Syaikh Al-Albani dalam kitab Fi Shifat Ash-Shalat, Hadits yang menyatakan bahwa Rasulullah
shallallahu alaihi wa sallam tidak menggerakkannya tidak bisa ditetapkan, ditinjau dari segi
sanadnya. Kalaupun hadits ini ditetapkan, akan tetapi bertentangan (nafi), sedangkan hadits utama
tetap (mustbit), yaitu hadits Wail bin Hujr. Dan seperti yang lazim terjadi dikalangan ulama, yang
mutsbit didahulukan dari yang nafi.

3) Memilih Antara Menggerakkan Atau Tidak Menggerakkan

Ada lagi pendapat yang ketiga, yaitu kita disuruh memilih antara menggerakkan atau tidak, karena
Rasulullah shallallahu alaihi wa sallam terkadang menggerakkan telunjuknya dan terkadang tidak
menggerakkannya. (Lihat: Subulus Salam dan Nailul Authar).
Adapun pendapat pertama yang mengatakan bahwa telunjuk selalu digerakkan adalah berdasarkan
hadits shahih seperti yang telah disebutkan di atas, sedangkan hadits yang menjelaskan Nabi
shallallahu alaihi wa sallam tidak menggerakkan telunjuknya ketika shalat adalah hadits dhaif, juga
berdasarkan sebuah kaidah yang berbunyi: al-mutsbat muqaddamun alal manfi, yaitu nash yang
menetapkan (menunjukkan adanya perbuatan) didahulukan dari nash yang menafikan (menolak
adanya suatu perbuatan). Maksudnya, dalil yang menunjukkan adanya gerakan telunjuk didahulukan
dari pada dalil yang menunjukkan tidak adanya gerakan telunjuk.

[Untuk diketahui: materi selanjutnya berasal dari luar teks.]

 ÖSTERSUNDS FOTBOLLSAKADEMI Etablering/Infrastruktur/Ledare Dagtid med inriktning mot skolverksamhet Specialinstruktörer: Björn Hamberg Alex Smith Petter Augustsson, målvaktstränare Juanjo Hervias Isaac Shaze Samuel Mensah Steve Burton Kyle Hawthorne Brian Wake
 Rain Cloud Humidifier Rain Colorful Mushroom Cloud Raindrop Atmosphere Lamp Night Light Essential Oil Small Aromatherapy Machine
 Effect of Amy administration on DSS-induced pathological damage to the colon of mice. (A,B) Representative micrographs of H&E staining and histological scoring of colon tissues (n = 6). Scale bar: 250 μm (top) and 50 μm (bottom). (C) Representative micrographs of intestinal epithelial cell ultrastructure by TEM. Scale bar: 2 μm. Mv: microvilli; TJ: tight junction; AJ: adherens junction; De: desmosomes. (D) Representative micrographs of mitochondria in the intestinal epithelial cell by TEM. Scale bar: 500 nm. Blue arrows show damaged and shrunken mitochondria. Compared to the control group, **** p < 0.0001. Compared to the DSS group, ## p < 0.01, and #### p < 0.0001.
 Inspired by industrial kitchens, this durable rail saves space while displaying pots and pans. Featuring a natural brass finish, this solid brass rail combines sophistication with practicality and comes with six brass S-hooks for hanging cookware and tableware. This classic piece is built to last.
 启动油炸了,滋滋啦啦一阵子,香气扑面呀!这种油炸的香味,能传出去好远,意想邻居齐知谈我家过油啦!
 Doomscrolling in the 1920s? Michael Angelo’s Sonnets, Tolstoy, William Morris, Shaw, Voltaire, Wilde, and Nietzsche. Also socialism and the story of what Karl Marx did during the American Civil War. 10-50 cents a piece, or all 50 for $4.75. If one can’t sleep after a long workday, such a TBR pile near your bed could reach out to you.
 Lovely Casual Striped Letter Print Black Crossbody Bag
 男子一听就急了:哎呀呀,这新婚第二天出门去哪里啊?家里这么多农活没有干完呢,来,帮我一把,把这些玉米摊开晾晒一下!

Kalau terdapat dua dalil yang seolah-olah bertentangan, seperti riwayat tentang menggerakkan
telunjuk, yaitu menggerakkanya atau tidak menggerakkannya, maka cara pertama yang harus kita
lakukan adalah menggabungkan antara kedua dalil tersebut. Kalau kedua dalil tersebut kita
gabungkan maka yang dimaksud adalah bahwa Nabi shallallahu alaihi wa sallam menggerakkan
namun tidak terus menerus, bahkan dilakukan hanya sekali, yaitu ketika berdoa, ini pemahaman
yang terbaik seperti yang dikatakan imam Baihaqi, yaitu bahwa yang dimaksud dengan
menggerakkan jari telunjuk adalah bukan dengan cara menggerak-gerakkannya naik turun, melainkan
dari semula menggenggam kemudian menunjuk ke arah kiblat.

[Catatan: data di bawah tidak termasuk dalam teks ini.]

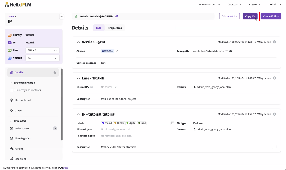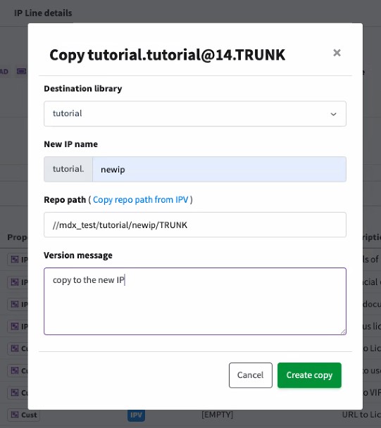 Existing IPs can be copied to new IPs or into new Lines on the same IP. The source of the IP copy can be any release on any line of an existing IP. The metadata associated with the source IP (other than Aliases) is copied to the new IP or Line, including permissions. Perforce
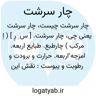 چار سرشت. [ س ِ رِ ] ( اِ مرکب ) چارطبع. طبایع اربعه. امزجه ٔاربعه. حرارت و برودت و رطوبت و یبوست: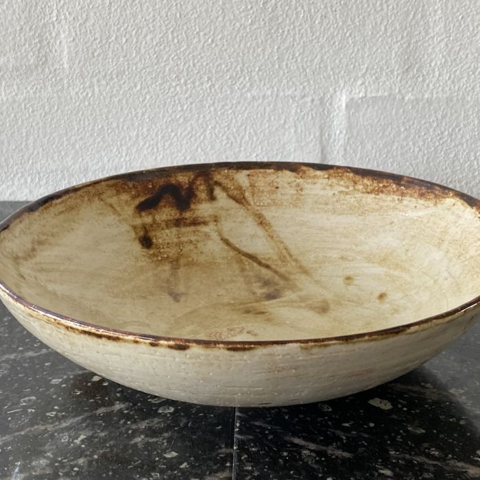 Unika stentøj i bornholmsk ler med glasur af granit. Jeg graver mit ler op på Bornholm – 200 millioner år gammelt ler fra Jura tiden. Det knuser jeg, renser og forarbejder, så jeg kan dreje i det og brænde det som stentøj ved 1260 grader. Glasurerne er ligeledes hjemmelavede af lokale råstoffer fra Bornholm: Rønnegranit, Risegårdsler, kaolin, feldspat og sand fra Dueodde. Granitglasuren står også smukt på kopper og skåle drejet i porcelænsler. Jeg har også lavet gyldne glasurer af lokalt ler fra Orenæs på Nordvestfalster og af ler fra kysten ved Pomlenakke.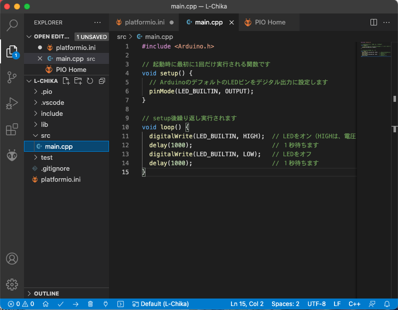 続いてLチカのスケッチを描きましょう。EXPLORERリストの「src」の中の「main.cpp」をクリックするとArduinoのデフォルトスケッチが表示されますので、以下のLチカスケッチをコピー&ペーストしてください。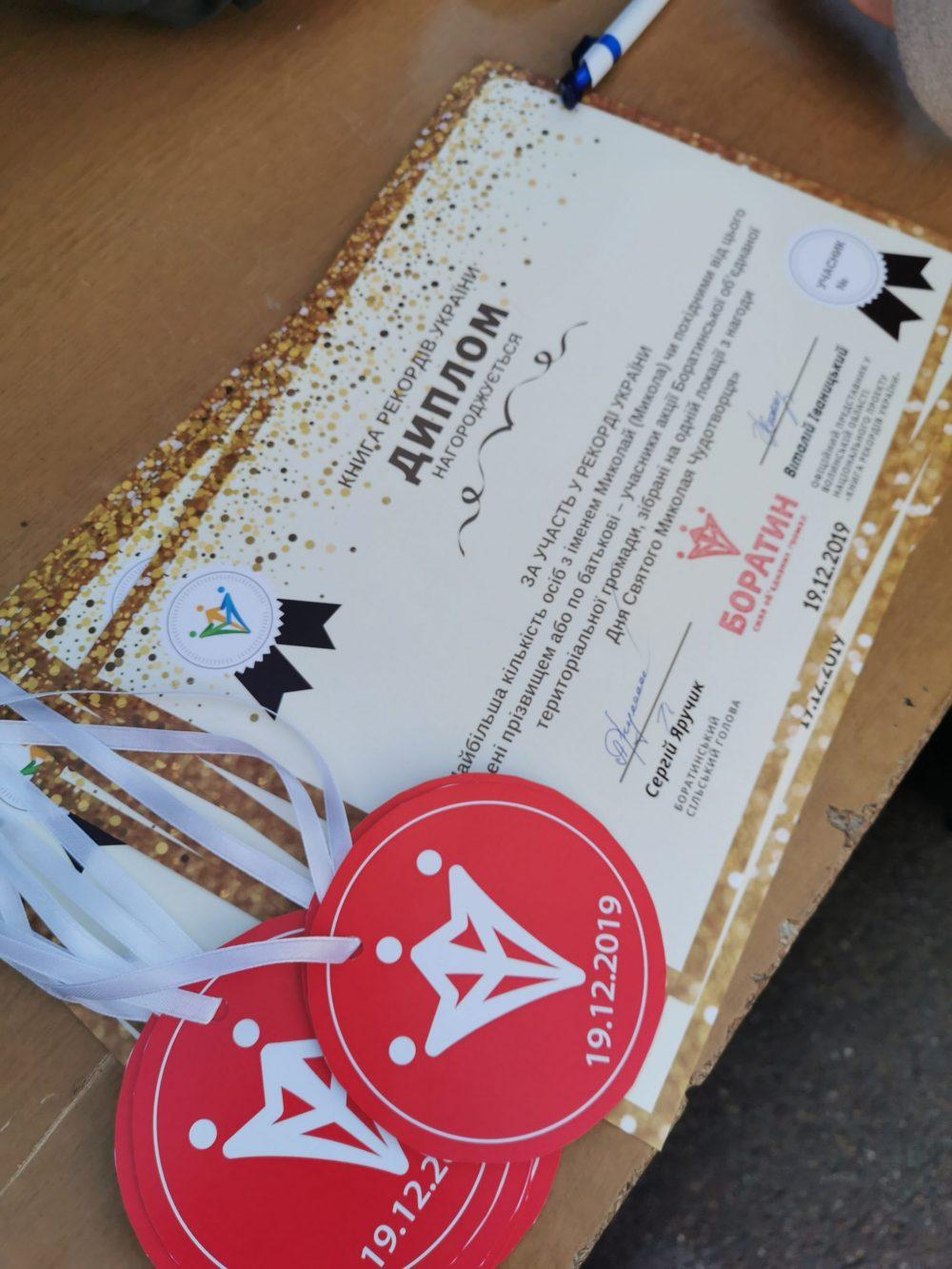 «Родзинкою» свята стало встановлення нового рекорду України. Офіційний представник Книги рекордів України на Волині, заслужений діяч мистецтв Віталій Іваницький зафіксував новий рекорд – 287 Миколаїв (осіб з іменем Микола чи похідними від цього імені прізвищем або по батькові) – учасників акції Боратинської об’єднаної громади, зібрано на одній локації з нагоди Дня Святого Миколая Чудотворця.

Kalau ini tidak bisa dilakukan baru kita memakai kaidah seperti yang disebutkan di atas, yaitu dalil
yang menunjukkan adanya gerakan telunjuk didahulukan dari pada dalil yang menunjukkan tidak
adanya gerakan telunjuk. Namun seperti yang telah dijelaskan di atas, hadits yang menunjukkan Nabi
shallallahu alaihi wa sallam tidak menggerakkan telunjuknya adalah hadits dhaif.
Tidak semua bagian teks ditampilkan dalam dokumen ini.